Blogging decreed "a guy thing"

Sorry, ladies, you lack the desire for the "adrenaline rush" of the Internet

By Mary Elizabeth Williams

Senior Writer

Published March 19, 2010 6:01PM (EDT)

Have you heard, ladies? Blogging is for guys. So sayeth Margaret Wente of the Globe and Mail. In an Op-Ed that would have been woefully off the mark even in 2002, Wente this week explains this whole "cyberspace" thing as a masculine conceit.

"People often ask me why I don't start a blog," she writes, going on to elucidate that "Guys seek thrills and speed. They go for the adrenalin rush. They get pumped by going higher, faster, farther than anyone else. They want lots of action and instant gratification. That's also why guys like blogging -- instant opinions, and lots of them."

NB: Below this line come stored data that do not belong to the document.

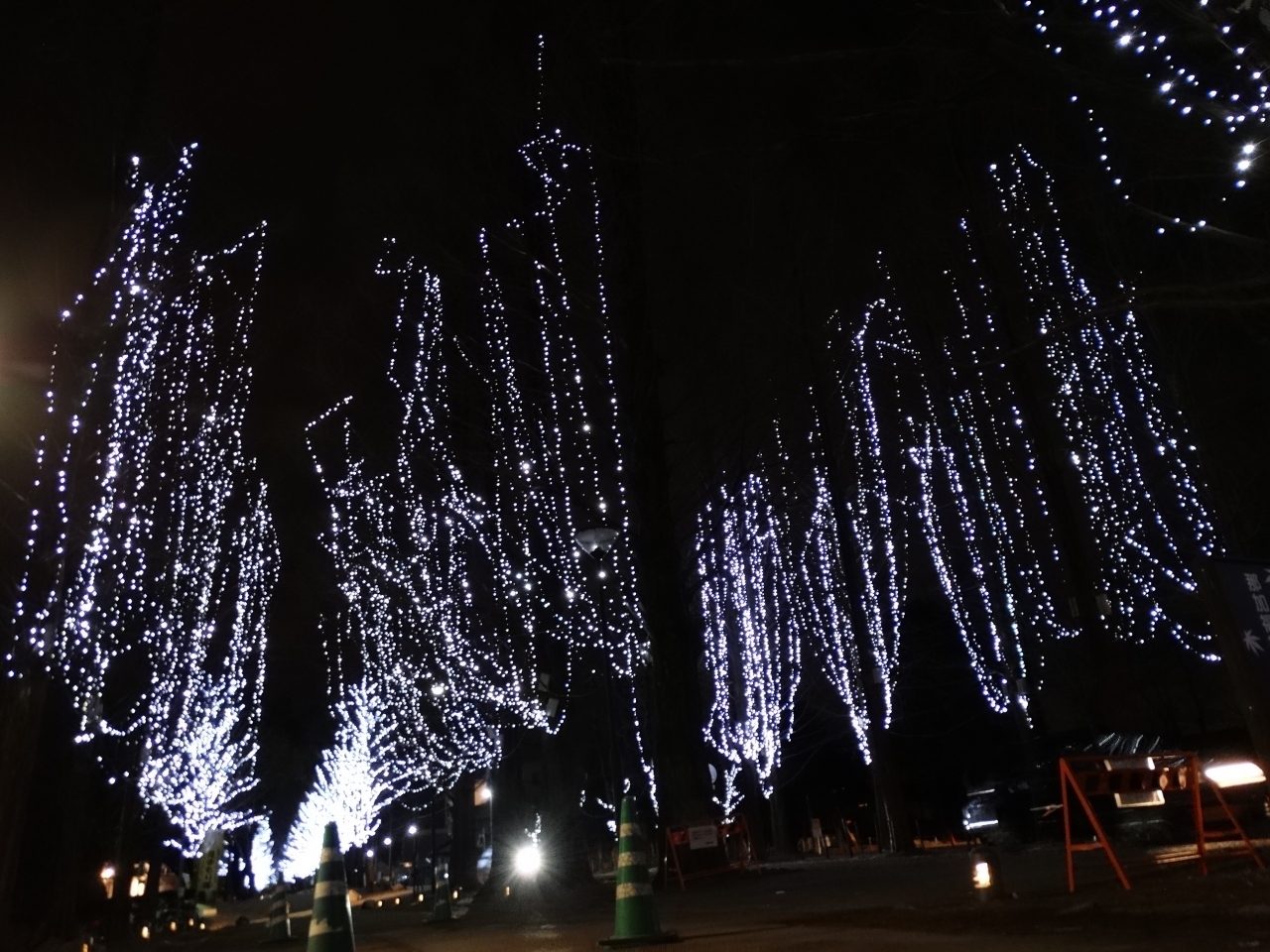 初雪は、もう終わりましたが、またちらほらと舞い降りてきました。そんな中のイルミネーションは、また一味も二味も違った趣きがあって、鑑賞するのに値すると思いました。防寒対策がとても大変でしたが、また乙でした。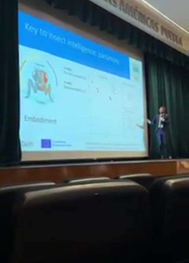 person giving a presentation in an auditorium or lecture hall. The person is wearing a dark suit and a light-colored shirt, and is gesturing towards a large screen displaying a presentation about insect intelligence and drone morphology. The screen has the title "Key to insect intelligence: parsimony," and shows a diagram of an insect, as well as several graphs. The graphs appear to be plotting thrust-to-weight ratio and maneuverability, and controllability. The room is relatively dark, with rows of empty dark leather seats visible in the foreground. The person is standing on a stage in front of a curtain, which is partially drawn to the side. The screen is reflecting light and colors. The presentation includes a reference to "Evolution of Drone Morphology" by Ang, Elijah HW, Christophe De Wagter, and Guido CME de Croon. The bottom left of the screen acknowledges funding from the European Union.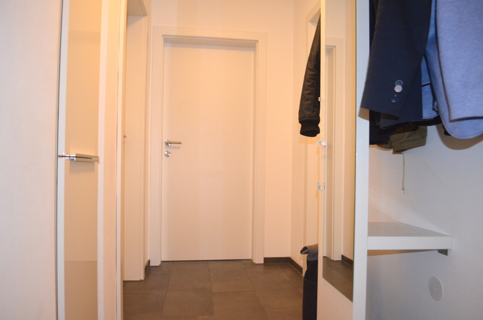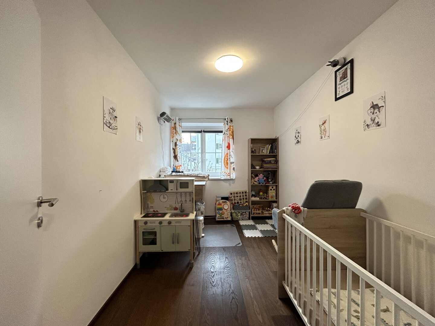 Beim Betreten der Wohnung gelangen Sie über den Eingangsbereich direkt in den zentralen Wohnbereich. Der helle und freundliche Wohnraum bietet genügend Platz für eine gemütliche Gestaltung. Von hier aus erreichen Sie das geräumige Schlafzimmer, das ausreichend Platz für ein Doppelbett und zusätzliche Möbel bietet.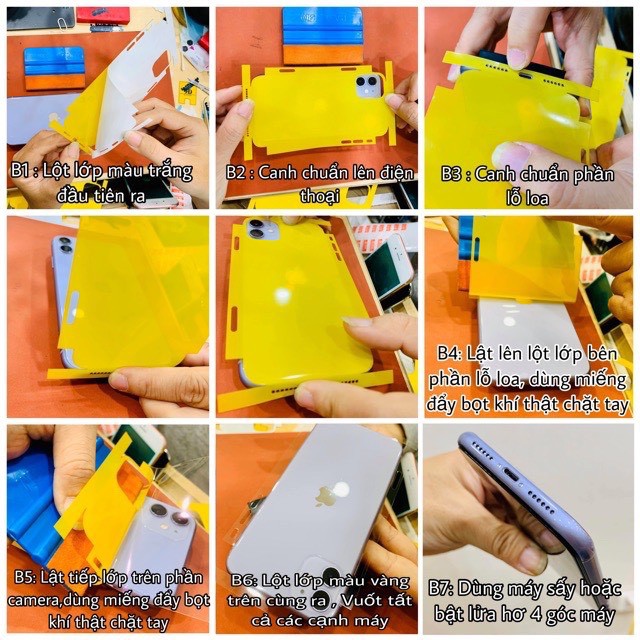 Bước 1 : Bóc lớp dưới cùng dán lên lưng máy căn khớp lỗ loa , có tác dụng hút bụi bề mặt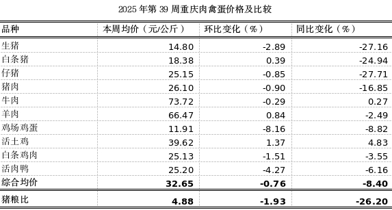 据市农信中心对我市各区县农贸市场10个主要肉禽蛋品种监测,第39周重庆市肉禽蛋均价32.65元,环比平稳,跌0.76%,同比明显下跌8.40%。本周重庆猪肉市场仍然处于低位。传统的“金九”消费旺季并未能扭转跌势,市场呈现出“旺季不旺”的现象。供应端,去年底能繁母猪存栏的高位直接导致了当前生猪供应十分充足。需求端,尽管临近中秋和国庆双节,但下游的备货需求不及预期。贸易商心态谨慎,多以随用随采为主,未能有效拉动猪价上涨。此外,禽肉、牛羊肉等其他肉类价格也处于低位,分流了部分猪肉消费。综合来看,预计短期内重庆猪肉价格仍将在低位震荡运行。虽然双节假期可能会带来短暂的消费提振,但在供应过剩的大背景下,价格反弹的幅度将非常有限。本周白条猪批发价上涨0.39%,生猪收购价、仔猪零售价、猪肉零售价分别下跌2.89%、0.85%、0.90%,猪粮比4.88:1(低于盈亏平衡点6:1),环比稳中略跌1.93%,同比陡降26.20%。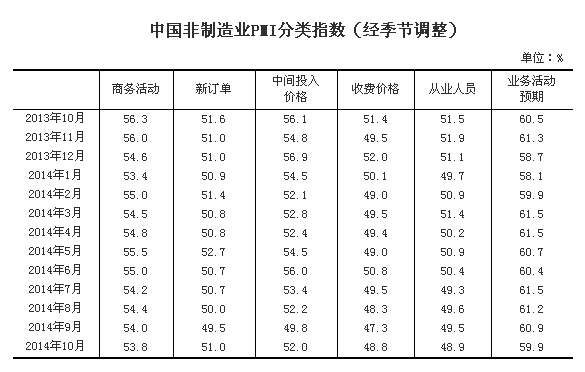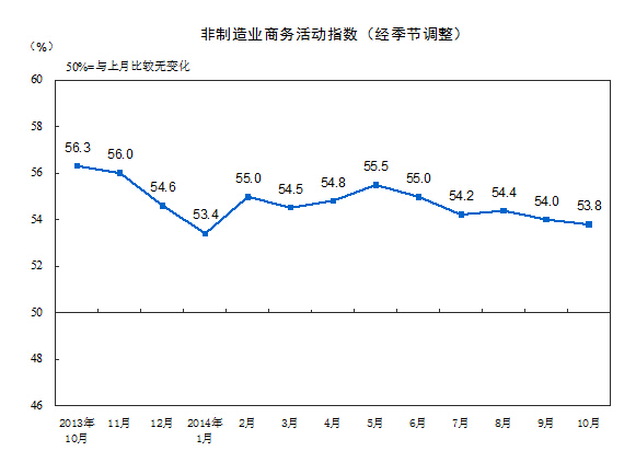 2014年10月,中國非制造業(yè)商務活動指數(shù)為53.8%,比上月回落0.2個百分點,高于榮枯線3.8個百分點,表明我國非制造業(yè)繼續(xù)保持擴張態(tài)勢。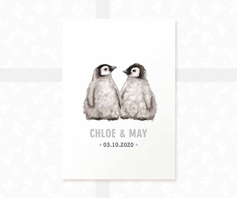 Penguin Personalised Baby Name Print for Twins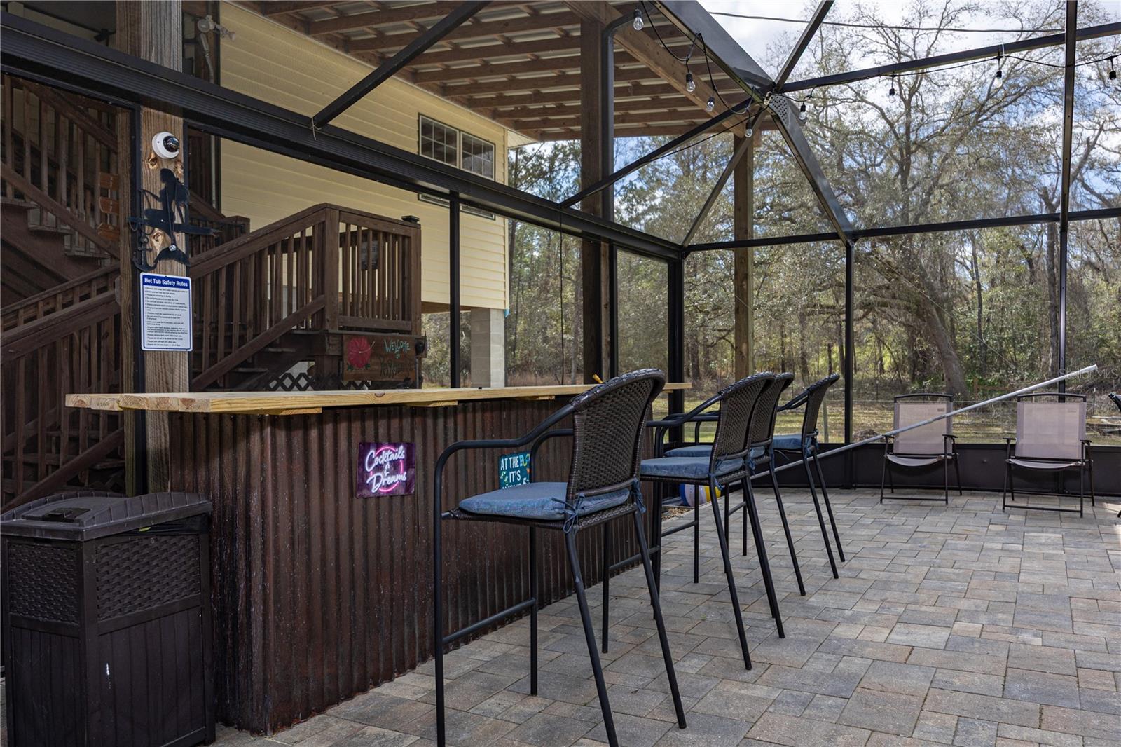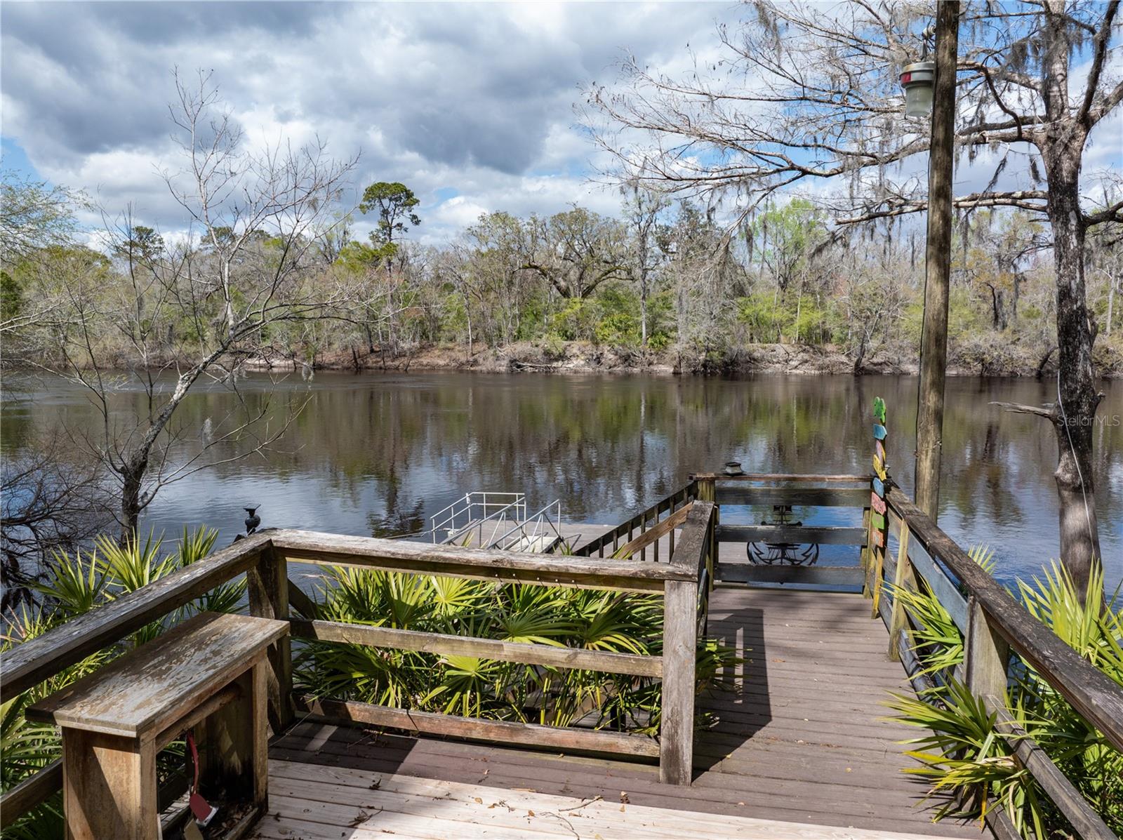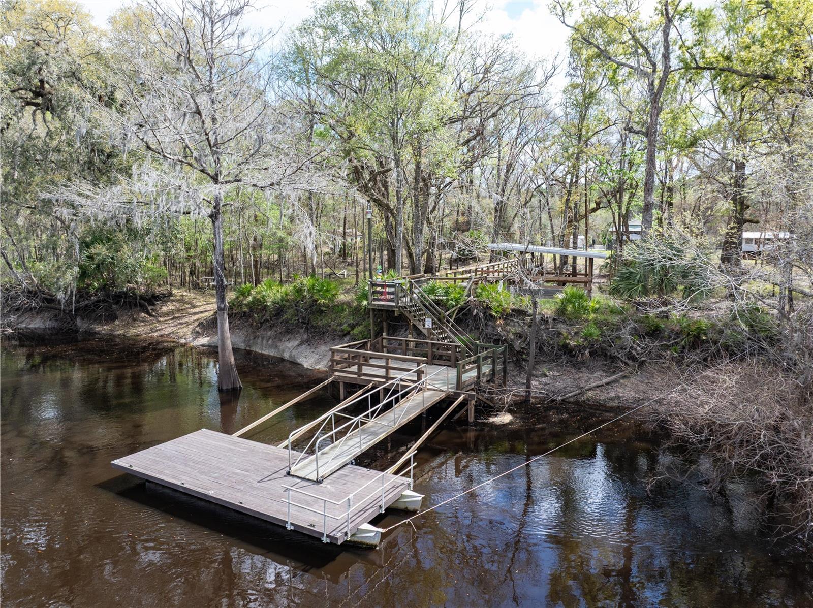 Nestled on the banks of the picturesque Suwannee River in Branford, FL, this stunning 3-bedroom, 2-bathroom home offers the perfect blend of comfort and adventure. Currently operating as a successful Airbnb, this income-producing property can be a turn-key investment & a scenic getaway. Upon entering, you are greeted by a spacious living area adorned with a charming gas fireplace and walls featuring beautiful cypress tongue and groove detailing, adding warmth and character. The home boasts covered porches both at the front and back, inviting you to relax and enjoy the breathtaking river views. One of the standout features of this property is its enclosed inground saltwater pool with a spa, ensuring year-round enjoyment and relaxation. Adjacent to the pool area, a convenient half-bath bathhouse adds to the ease and comfort of outdoor living. For those who love outdoor entertaining, a covered pavilion overlooking the river awaits, complete with a fish cleaning station nearby—perfect for preparing your fresh catch after a day on the water. A floating dock provides easy access for boating enthusiasts, making it effortless to explore the Suwannee River’s natural beauty. Inside, practicality meets convenience with amenities, including an elevator and a whole-house generator, ensuring ease of access and peace of mind for residents and guests alike. Whether you're looking for a peaceful riverside retreat, an income-producing investment, or both, this property has it!

Pardon me, Margaret Wente, but didn't your country just play host to a little sporting get-together that seemed to offer ample evidence that chicks can dominate quite nicely in the "higher, faster, farther" department? Lest I appear to be soft-pedaling in my oh so feminine style, let me put it another way -- did you watch the freakin' OLYMPICS?

But more than being a mite out of touch on the issue of women's desire for conquest, Wente is also clearly getting her version of Internet demographics from the division of "Things Pulled Out of Her Ass." The blogosphere has females galore. In fact, as another Salon staffer face-palmed after reading Wente's story, who among us hasn't heard the argument that blogging is actually a femmy pursuit, because we love to share our thoughts and special emotions so much? Why, just last Sunday, in one of the most condescending New York Times Styles pieces to run in at least days, Jennifer Mendelsohn devoted much virtual ink to the revoltingly nicknamed phenomenon known as "mommy blogging." Why do women so love to blog, she mused? Well, Mendelsohn summed it up by using the word "kaffeeklatsch." Twice.

And this week, Michael Wolff, whose insights are always good for raising the blood pressure a few points, likewise dismissively declared that Twitter is for girls because of the "dear-diary nature of the medium."

Yet in Wente's world, "Opinionizing in public is a form of mental jousting, where the aim is to out-reason, out-argue or out-yell your opponent," and "Women are simply not as interested in doing it." I guess that's why there is no such thing as Jezebel or Bitch PhD or XX Factor or the Sexist or Shapely Prose or – wait! I'm soaking in it! Broadsheet! Also, the sky is red and Paul Rudd is my boyfriend because I deem it so.

So which is it, really? Is the Internet just a big Yoplait ad via the Oprah book club, with a bunch of girls sitting around processing their feelings about lipstick and boyfriends? Or is it a giant dick-waving contest? Hint: This is a trick question because the answer is, it's both. And more. Men and women may have different communication styles, to be sure, but we both have things to say, and a burning desire to share them. Though real numbers are hard to come by, a 2007 survey found that the ratio of men to women who blog is about 58 percent to 42 percent. Hardly a single-sex community.  And believe it not, men blog about fashion and women blog about news. You can Google it before you write your next Op-Ed, folks.

That's why, although it's an exercise in barrel of fish shooting to point out that if you took the combined understanding of social media that Margaret Wente, Jennifer Mendelsohn, and Michael Wolff possess, it would fill one Twitter update with characters to spare, those of us who care about Net culture need to keep doing just that. Because all of them write for major news outlets, and have editors who somewhere along the way actually thought their inane, unproven thinky thoughts on a culture they know nothing about were worth publishing. Which is unacceptable, insulting and plain old lazy-ass journalism.

On one front, however, Margaret Wente is absolutely correct. In her summation, she explains, "These days, you don't even have to start a blog to get an audience. All you have to do is write 'Margaret Wente is an idiot' and hit send. Instant gratification!"  Yup, Margaret Wente is an idiot. And it's so very gratifying to say so.